Furthermore, methods to induce a disease state can employ demyelination-inducing agents including but not limited to IFN-γ and cuprizone (bis-cyclohexanone oxaldihydrazone). The cuprizone-induced demyelination model is described in Matsushima et al., Brain Pathol. 11:107-116 (2002). In this method, the test animals are typically fed with a diet containing cuprizone for a few weeks ranging from about 1 to about 10 weeks.

After induction of a demyelination condition by an appropriate method, the animal may be allowed to recover for a sufficient amount of time to allow remyelination at or near the previously demyelinated lesions. While the amount of time required for developing remyelinated axons varies among different animals, it generally requires at least about 1 week, more often requires at least about 2 to 10 weeks, and even more often requires about 4 to about 10 weeks. Remeylination can be ascertained by observing an increase in myelinated axons in the nervous systems (e.g., in the central or peripheral nervous system), or by detecting an increase in the levels of marker proteins of a myelinating cell. The same methods of detecting demyelination can be employed to determine whether remyelination has occurred.

Animals may also be administered an agent prior, concurrent, or subsequent to demyelination. For example, an animal may be administered an immunomodulatory agent that suppresses the autoimmune response and compared to animals administered an immunomodulatory agent with a γ-secretase inhibitor, wherein the inhibitor is administered prior, concurrent, or subsequent to the immunomodulatory agent. Various amounts of the agents, different numbers of agents, and the time between administration of the agents and timing prior, concurrent, or subsequent to a demyelination are variables that may be performed to determine synergistic combinations of agents to promote remyelination.

VI. THERAPEUTICS

A. Dosage

Depending on the patient and condition being treated and on the administration route, the peptides/polypeptides will generally be administered in dosages of 0.01 mg to 500 mg V/kg body weight per day, e.g. about 20 mg/day for an average person. The range is broad, since in general the efficacy of a therapeutic effect for different mammals varies widely with doses typically being 20, 30 or even 40 times smaller (per unit body weight) in man than in the rat. Similarly the mode of administration can have a large effect on dosage. Thus for example oral dosages in the rat may be ten times the injection dose. A typical dosage may be one injection daily. In some embodiments, dosage for one or a combination of agents can be from 0.01 to 5 mg, 1 to 10 mg, 5 to 20 mg, 10 to 50 mg, 20 to 100 mg, 50 to 150 mg, 100 to 250 mg, 150 to 300 mg, 250 to 500 mg, 300 to 600 mg or 500 to 100 mg V/kg body weight. In some embodiments, the dosage may be 20-2000 ug/dose, for example with anti-CD80(Fab).

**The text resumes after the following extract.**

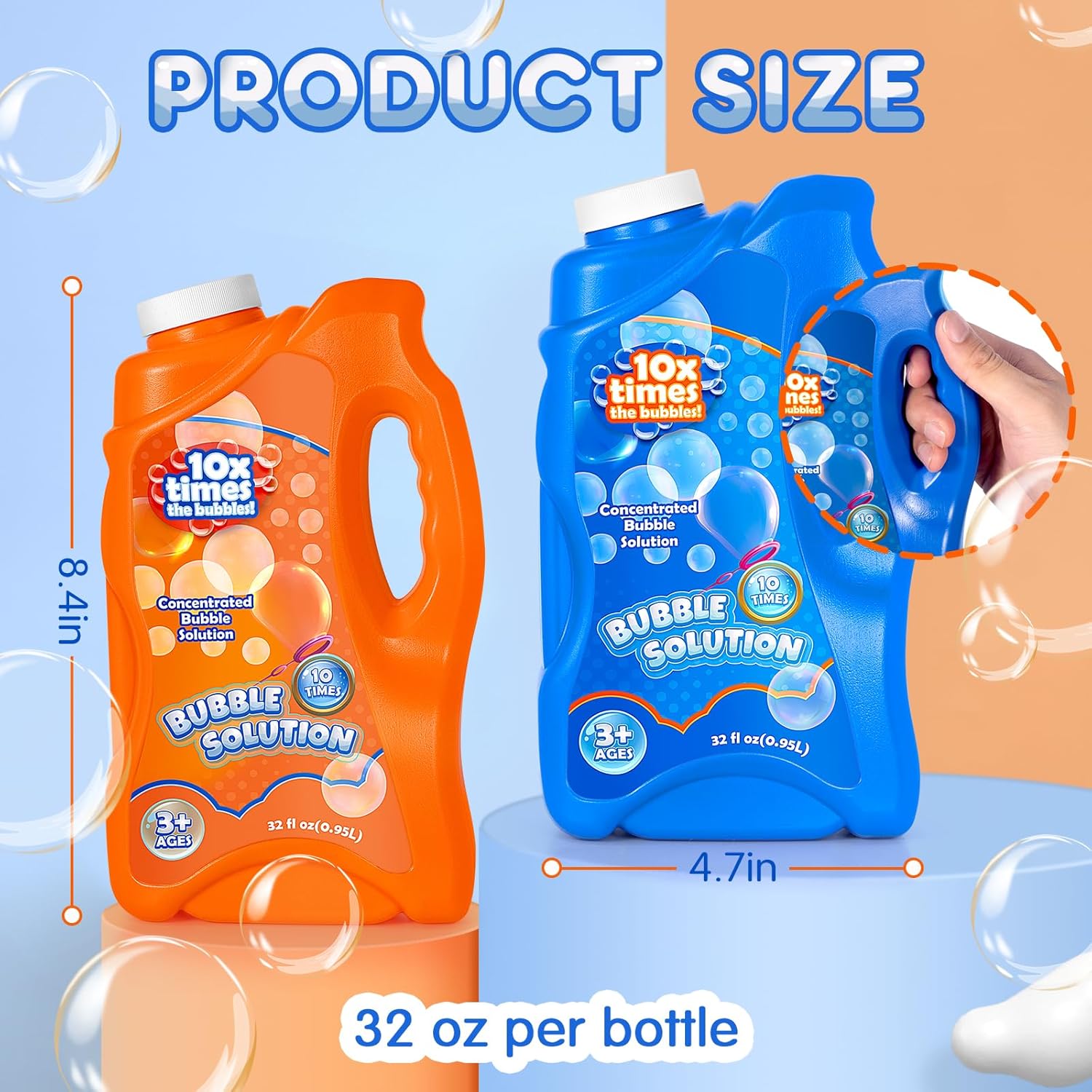 CAPACITY OF UP TO 64 OUNCES: This bubble resolution has a big capability, lengthy usable time, and produces a lot of bubbles every time you blow bubbles. The bubbles refill can produce large bubbles and small bubbles for full entry to enjoyable.

Those of skill will readily appreciate that dose levels can vary as a function of the specific compound, the severity of the symptoms and the susceptibility of the subject to side effects. Some of the specific peptides are more potent than others. Preferred dosages for a given complex are readily determinable by those of skill in the art by a variety of means. A preferred means is to measure the physiological potency of a given compound.

In preferred embodiments, the immunomodulatory agents are co-administered at dosages determined to be therapeutic relative to the co-administered myelin-repair or axonal re-generation agent. In some embodiments, within one or more combinatorial method of the invention the immunoregulatory component comprises peptides or polypeptides, including but not limited to antibodies, APLs or Peptide-Coupled tolerance antigens, which are administered at dosages of 0.01 mg to 500 mg V/kg body weight per day. In preferred embodiments, patients receive 5 mg. In some embodiments, such agents are administered from between 3 to 5, 4 to 6, 5 to 7, or 6 to 10 consecutive days at the same or varying dosages. In some embodiments, the administration is repeated in a plurality of cycles, where each cycle comprises administration of an agent between 3 to 5, 4 to 7, 6 to 9, 7 to 10, 8 to 12, 9 to 16 or 10 to 21 days.

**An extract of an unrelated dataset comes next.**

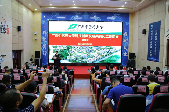 会上,首先由唐红珍处长从学校基本概况、科研平台建设、引进科研团队、学校科研项目及获奖情况等方面向参会代表介绍beat365官方网站科技创新与成果转化工作情况。随后,会议进入beat365官方网站项目路演推介环节,参加此次路演推介的项目有“广西特色壮瑶药健康食品、医院制剂的开发”“农作物废弃物健康产品研发”“壮医药物竹罐疗法”“武打将军酒及痛风立安颗粒的开发研究”“J0治疗肺损伤的一类新药开发项目”“海洋来源真菌的曲酸生产和利用”“兰香通窍鼻炎口罩治疗慢性鼻炎及变应性鼻炎”“‘华佗五禽戏’中医导引处方模式服务健康老龄化”“壮瑶药产品——黄精桑椹酒和百合玉竹酒特色与推广及清热毒功效三茶一露产品”等9个项目。最后,与会单位、企业代表与beat365官方网站项目路演推介的专家及团队进行项目对接洽谈。

In some embodiments, antibodies for effecting immunomodulation are administered at dosages depending upon such factors as the patient's age, weight, height, sex, general medical condition and previous medical history. Typically, it is desirable to provide the recipient with a dosage of antibody component, immunoconjugate or fusion protein which is in the range of from about 1 pg/kg to 10 mg/kg (amount of agent/body weight of patient), although a lower or higher dosage also may be administered as circumstances dictate. Administration of antibodies (or any bioactive agents described herein) to a patient can be intravenous, intraarterial, intraperitoneal, intramuscular, subcutaneous, intrapleural, intrathecal, by perfusion through a regional catheter, or by direct intralesional injection. When administering therapeutic proteins by injection, the administration may be by continuous infusion or by single or multiple boluses. Intravenous injection provides a useful mode of administration due to the thoroughness of the circulation in rapidly distributing antibodies.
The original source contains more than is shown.